More than half of the individuals profiled had been diagnosed with diabetes and nearly three-quarters had atherosclerotic diseases such as peripheral artery disease, a history of myocardial infarction, or a prior stroke when the study began. Consistent with past studies, the team saw increasing rates of CHIP in older individuals, with CHIP turning up in 8.2 percent of the participants overall.

Over two and a half years of follow-up time, on average, the researchers saw cardiovascular events — ranging from ischemic stroke, coronary revascularization, or myocardial infarction to cardiovascular disease-related deaths — in 7,453 individuals.

Although they noted a small uptick in these cardiovascular events in individuals with CHIP, the potential relationship between the conditions was modest and heterogeneous. When it came to myocardial infarction, for example, the investigators uncovered a 30 percent rise in an initial event in CHIP-positive individuals, despite a comparable risk of recurrent myocardial infarction in those with or without CHIP.

"CHIP was associated with incidents but not recurrent coronary events, suggesting its use for prognostic enrichment of clinical trials may be more applicable in primary prevention populations," the authors reported, though they noted that this pattern may reflect the use of high-dose statins or other prior treatments in clinical trial participants.

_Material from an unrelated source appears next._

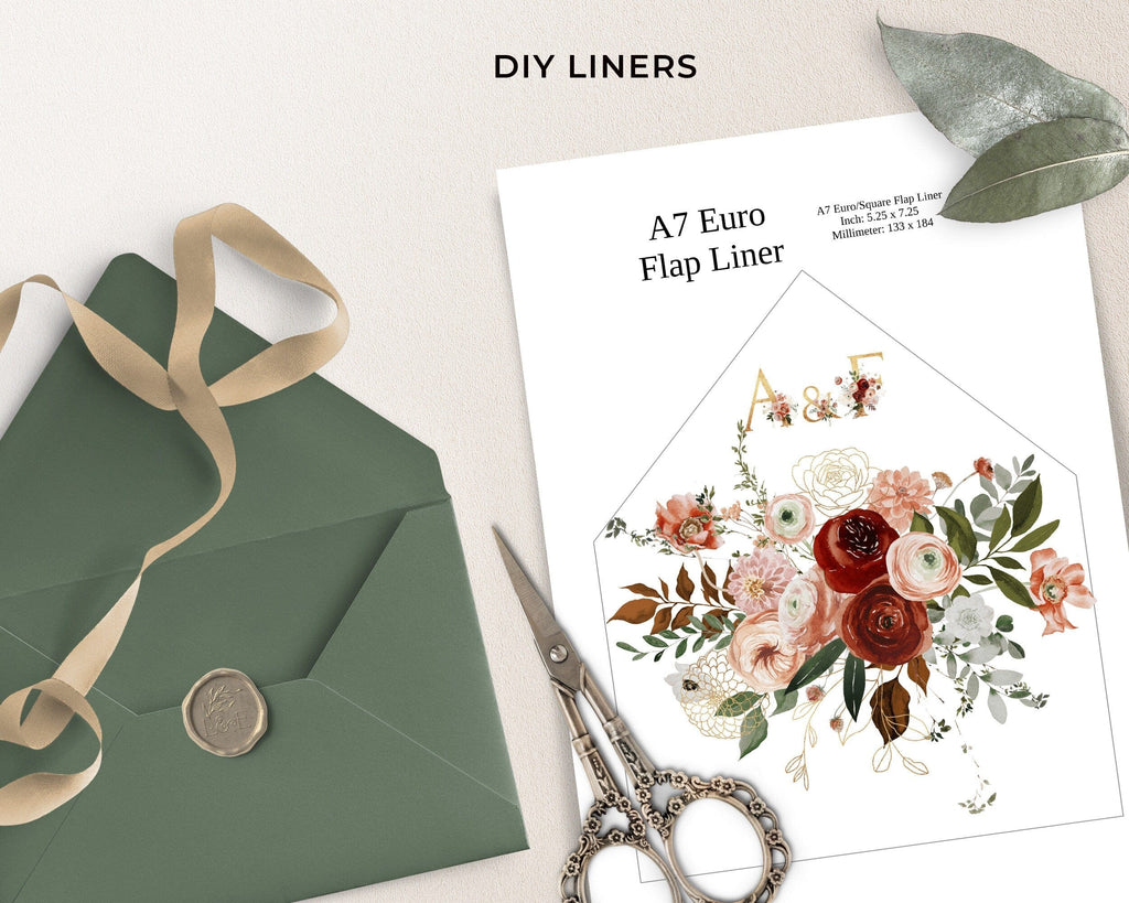 Autumn Flower Envelope Liner, EDITABLE Templates

Likewise, the investigators did not see variation when it came to treatment response when they compared outcomes for individuals with or without CHIP.

Still, the lack of a clear association between CHIP and response to the various treatments tested in the trials remains clinically informative, the authors explained, suggesting that "patients with CHIP will benefit similarly from guideline-based clinical care with respect to lipid-lowering therapy, anticoagulant, and antiplatelet therapy — four cornerstones of our clinical armamentarium."